When I got to my Phlegm Building office the other morning and fired up my steam-powered computer, the first items I read were the reports on the tragic death of ADRL Pro Stock racer Bert Jackson, the news that Australian doorslammer racer Rob Campese had run 260+ mph at the Sydney drag strip over the weekend, and that the ADRL’s Dragstock Pro Extreme winner, Texan Frankie Taylor, had run his 2600-lb ‘slammer over 210 mph in just an eighth mile.

Considering how many fast doorslammers have had bad crashes over the last five years on both eighth-mile and quarter-mile tracks, I wondered why there has been so little done in the way of proactive rule changes to slow these cars down. I can tell you there have been many more serious fast doorslammer crashes than nitro car crashes.

The NHRA has safety rules in place designed to turn off ignition and fuel and deploy the chutes in case the driver might be disabled. They’ve made rules to make the stopping devices at the end of the tracks more efficient. But as far as I know they’ve done nothing to address controlling the upwardly spiraling speeds these heavy cars are running, and in some classes on relatively narrow tires.  

Can anyone give me a reasonable explanation for why NHRA’s pro doorslammers are still racing a quarter of a mile? Haven’t the Pro Stock racers of the NHRA made it quite clear that the last 320 feet of an NHRA track can be extremely dangerous for them? Are 200-mph Pro Stocks what make that class exiting?

Are Pro Stock bikes boring because they donít run speeds over 200? Does anyone really believe that 260-mph dragsters, Funny Cars, Pro Mods or 210-mph Pro Stocks will sell significantly more tickets to a national event? I believe the answer to all of those questions is no!

Isn’t the winner still the first to cross the finish line, not the fastest?

I’ve talked to quite a few drivers who have driven fast cars both with and without fully operational suspension and they all say that the non-suspended cars are much more forgiving and easier to drive than a fully suspended fast car.
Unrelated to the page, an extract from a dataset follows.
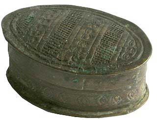 | 1302. | Tenkostěnná krabička na zlatý prach, oválná, tepená mosaz 51 x 32 mm

They will tell you that on a fully suspended car, when bad things happen, like swerving from side to side or having the back end start coming around, the shocks and springs do things that make it very hard for the driver to bring the car back under control.
When you think about how many former drivers of Top Fuel and Funny  Cars have crashed Pro Mods after moving to that class, that theory makes some sense.